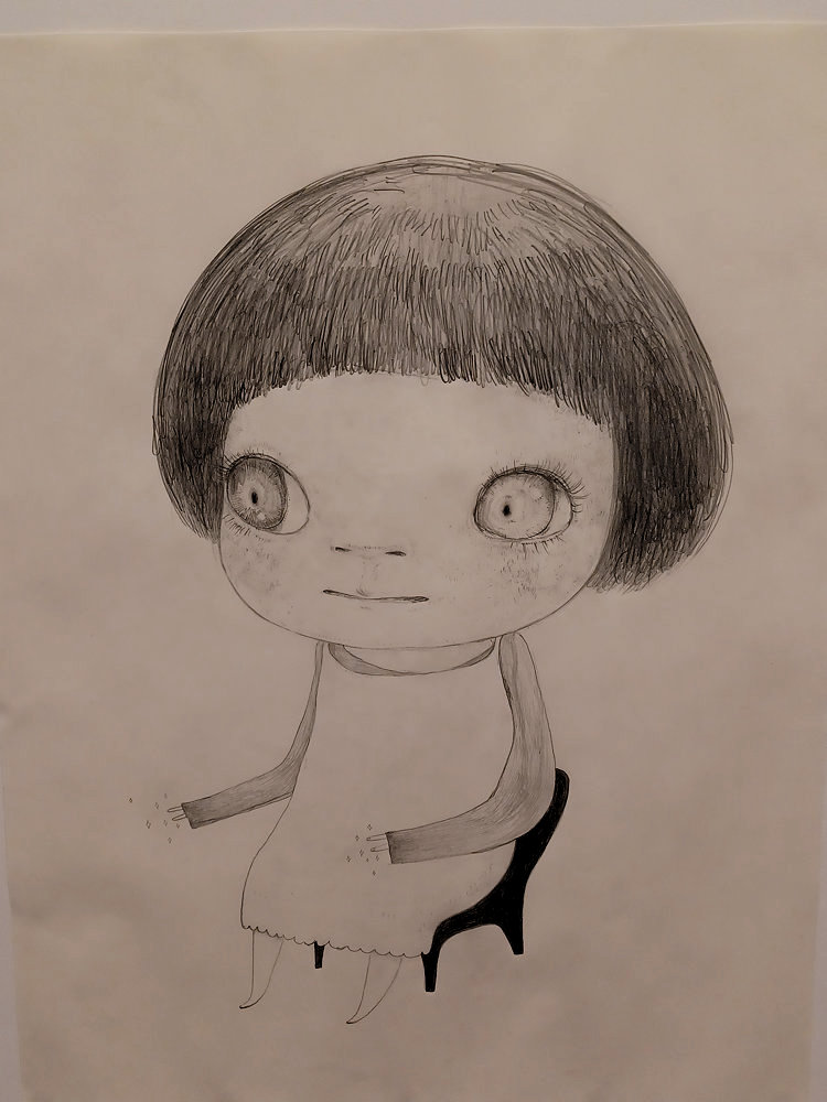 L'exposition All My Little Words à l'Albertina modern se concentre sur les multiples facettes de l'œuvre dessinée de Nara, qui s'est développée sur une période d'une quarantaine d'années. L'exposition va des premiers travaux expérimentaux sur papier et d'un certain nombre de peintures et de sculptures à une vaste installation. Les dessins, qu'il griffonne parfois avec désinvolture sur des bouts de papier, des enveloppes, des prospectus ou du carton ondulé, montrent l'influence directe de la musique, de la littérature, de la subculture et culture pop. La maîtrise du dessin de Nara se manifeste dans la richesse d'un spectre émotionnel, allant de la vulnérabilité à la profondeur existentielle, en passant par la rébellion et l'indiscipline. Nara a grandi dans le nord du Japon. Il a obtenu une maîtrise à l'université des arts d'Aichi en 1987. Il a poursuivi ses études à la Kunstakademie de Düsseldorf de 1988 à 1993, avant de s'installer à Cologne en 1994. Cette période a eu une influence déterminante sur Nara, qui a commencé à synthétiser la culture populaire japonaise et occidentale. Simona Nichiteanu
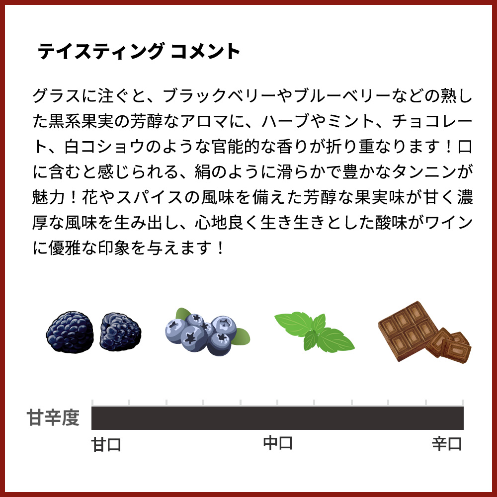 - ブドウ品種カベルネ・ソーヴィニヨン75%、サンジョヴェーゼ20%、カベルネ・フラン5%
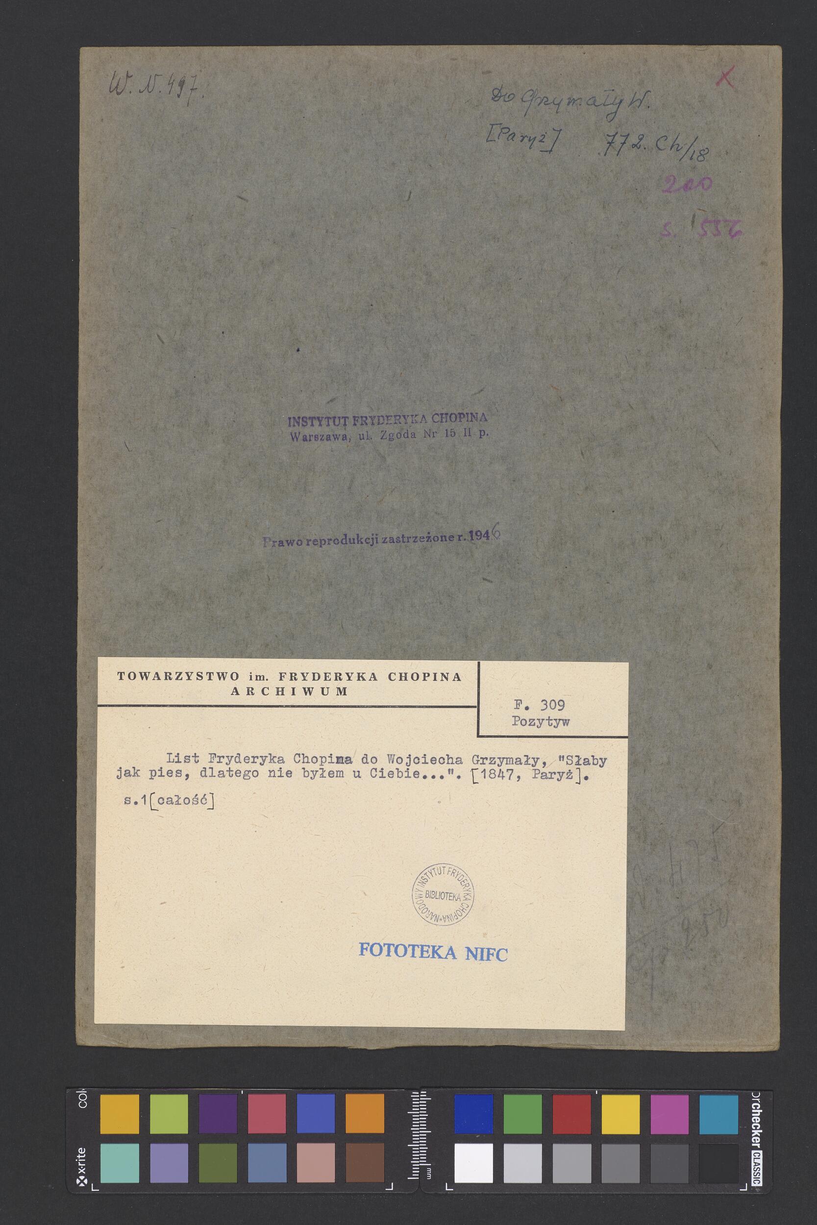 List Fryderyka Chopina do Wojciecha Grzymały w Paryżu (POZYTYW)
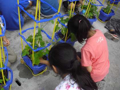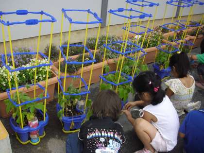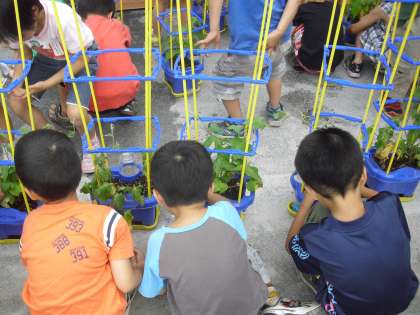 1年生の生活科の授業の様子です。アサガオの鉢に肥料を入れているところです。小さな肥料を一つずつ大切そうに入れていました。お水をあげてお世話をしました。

----------

(ASSIGNMENT):
Print the listing again exactly, please. Keep the pictures out of it.

(ANSWER TO THE EXERCISE):
 L'exposition All My Little Words à l'Albertina modern se concentre sur les multiples facettes de l'œuvre dessinée de Nara, qui s'est développée sur une période d'une quarantaine d'années. L'exposition va des premiers travaux expérimentaux sur papier et d'un certain nombre de peintures et de sculptures à une vaste installation. Les dessins, qu'il griffonne parfois avec désinvolture sur des bouts de papier, des enveloppes, des prospectus ou du carton ondulé, montrent l'influence directe de la musique, de la littérature, de la subculture et culture pop. La maîtrise du dessin de Nara se manifeste dans la richesse d'un spectre émotionnel, allant de la vulnérabilité à la profondeur existentielle, en passant par la rébellion et l'indiscipline. Nara a grandi dans le nord du Japon. Il a obtenu une maîtrise à l'université des arts d'Aichi en 1987. Il a poursuivi ses études à la Kunstakademie de Düsseldorf de 1988 à 1993, avant de s'installer à Cologne en 1994. Cette période a eu une influence déterminante sur Nara, qui a commencé à synthétiser la culture populaire japonaise et occidentale. Simona Nichiteanu
 - ブドウ品種カベルネ・ソーヴィニヨン75%、サンジョヴェーゼ20%、カベルネ・フラン5%
 List Fryderyka Chopina do Wojciecha Grzymały w Paryżu (POZYTYW)
 1年生の生活科の授業の様子です。アサガオの鉢に肥料を入れているところです。小さな肥料を一つずつ大切そうに入れていました。お水をあげてお世話をしました。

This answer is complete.